Sunday, October 16, 2005

Simply, Stated

I don't get the Roth 401(k).

More accurately, I don't get the need for the Roth 401(k).

I understand that there is an emerging common wisdom that tax rates in the future will be higher than they are at present. I also understand that some may well believe that they are in a better position to pay taxes now than they may be in the future. Bottom line, I understand the appeal of the Roth IRA. I just don’t get why we need to clutter up the 401(k).

Let’s be honest here. The folks most likely to benefit from the Roth 401(k) (other than a myriad of personal finance columnists) are, quite simply, those who are better-off financially. Not that I am against benefits for this group (I am, and hope to remain, among this constituency). However, given how many arcane rules and strictures exist in qualified plans to prevent them from benefiting unduly at the expense of the plan, the Roth 401(k) strikes me as peculiarly targeted.

It’s not exactly a "giveaway" for the rich, who won’t be able to contribute more to the Roth 401(k) and their pre-tax account than they previously could to the pre-tax account alone. Indeed, proponents claim the Roth 401(k) gives highly-compensated executives who were beginning to look askance at their need for a tax-deferred savings vehicle a new reason to support the workplace program. There’s nothing that precludes the non-highly compensated individuals from taking advantage of the convenience of the account in their 401(k), after all, nor are employers even obligated to offer the option to participants. Those worried about that burgeoning federal deficit may even draw comfort from the fact that the Roth 401(k) is a projected money maker (the US government gets tax revenues now, rather than later).

Like self-directed brokerage accounts, it will no doubt find an enthusiastic constituency among some professional service firms and for a handful of executives across a broader spectrum of employers (unlike those self-directed brokerage accounts, however, the costs will likely be born by the entire plan, not just those who avail themselves of the option). And like those accounts, many of those who will benefit most, and who will be most intrigued, will have availed themselves of the services of a financial advisor. My best guess is that one will be hard-pressed to find a provider who will not offer the capability - and, having spent some amount of time and energy building the facility, we can count on a steady promotional drumbeat extolling the virtues of the additional flexibility.

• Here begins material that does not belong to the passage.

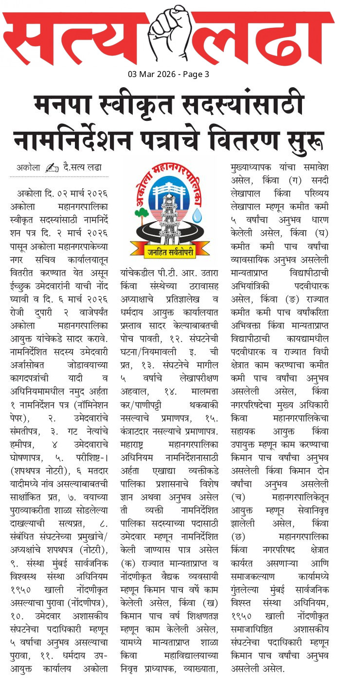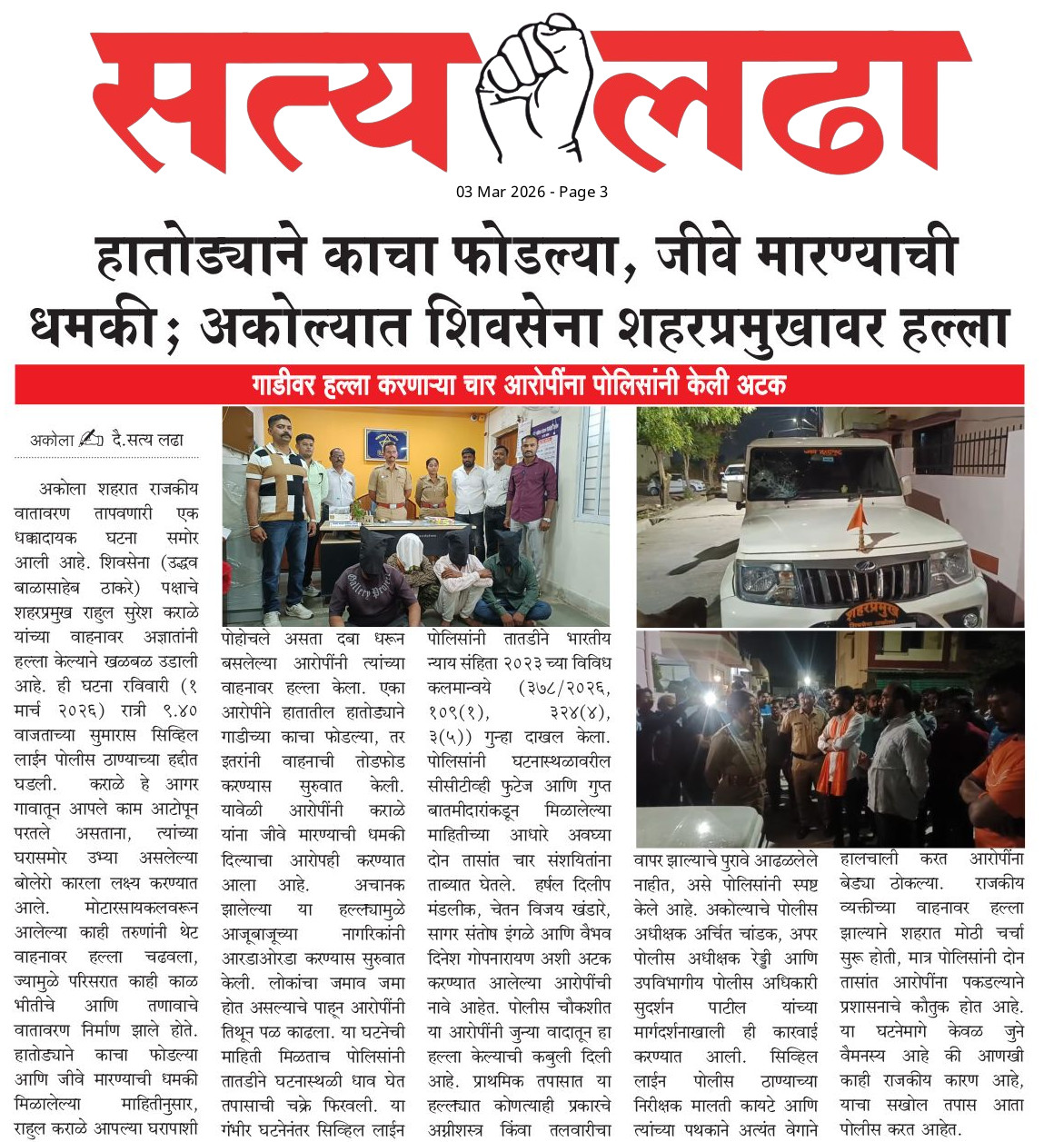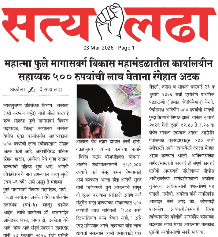 AKOLA NEWS महात्मा फुले मागासवर्ग विकास महामंडळातील कार्यालयीन सहाय्यक ५०० रुपयांची लाच घेताना रंगेहात अटक admin March 2, 2026 Share this: Share on Facebook (Opens in new window) Facebook Share on X (Opens in new window) X WhatsApp Facebook Twitter Like this:Like Loading... Post navigation Previous: अकोल्यात खळबळ: शिवसेना शहर प्रमुख राहुल कराले यांच्या वाहनाची तोडफोडNext: अकोल्यात रंगपंचमीला भीषण अपघाताचे गालबोट; सुसाट वाहनाने दोघांना चिरडले Leave a Reply Cancel replyYour email address will not be published. Required fields are marked *Comment * Name * Email * Website Save my name, email, and website in this browser for the next time I comment.
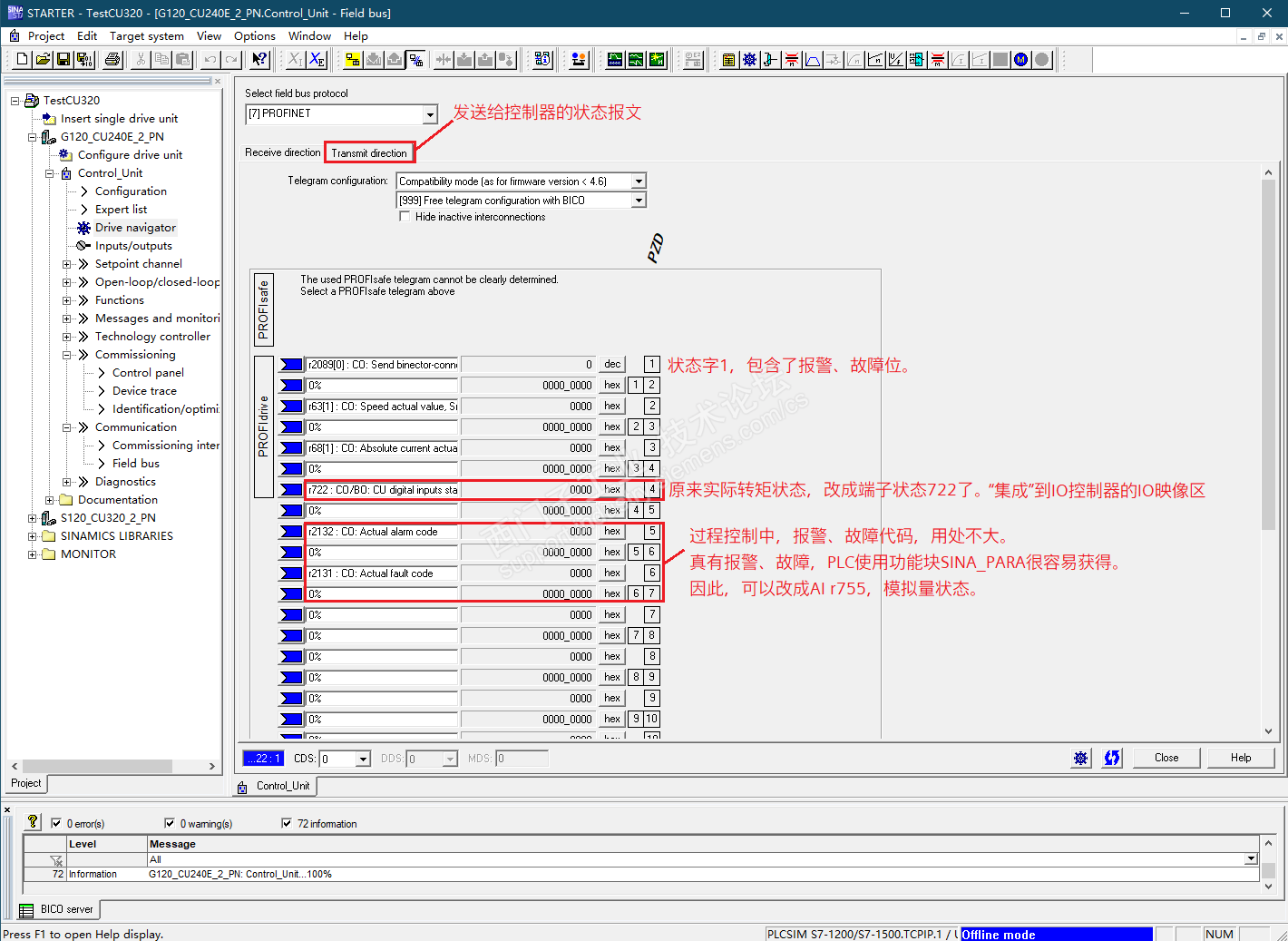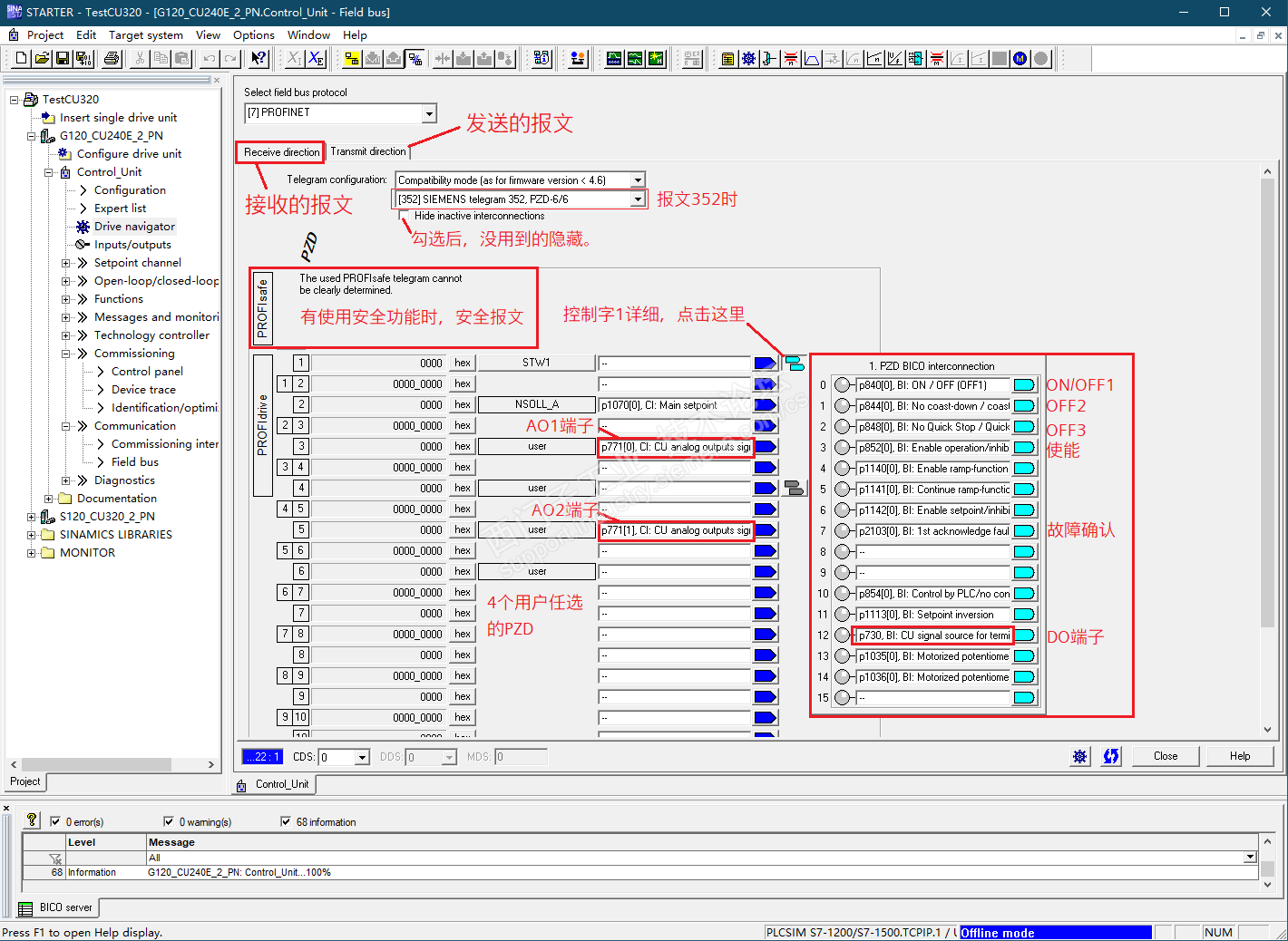 展开PZD1的控制字1,就看到所有控制位。如果有7xx的参数,就是有端子DIO,AIO信号的连接。

Still, at its best, the Roth 401(k) seems a dalliance for those the federal government generally deems too wealthy for such deference, IMHO. Moreover, it will be expensive to develop, complicated to explain, and at least marginally problematic to administer.

At a time when our industry is clamoring for greater simplicity - when the current complexity of choices already stymies the participation of so many – additional cost and complexity is surely the last thing we need.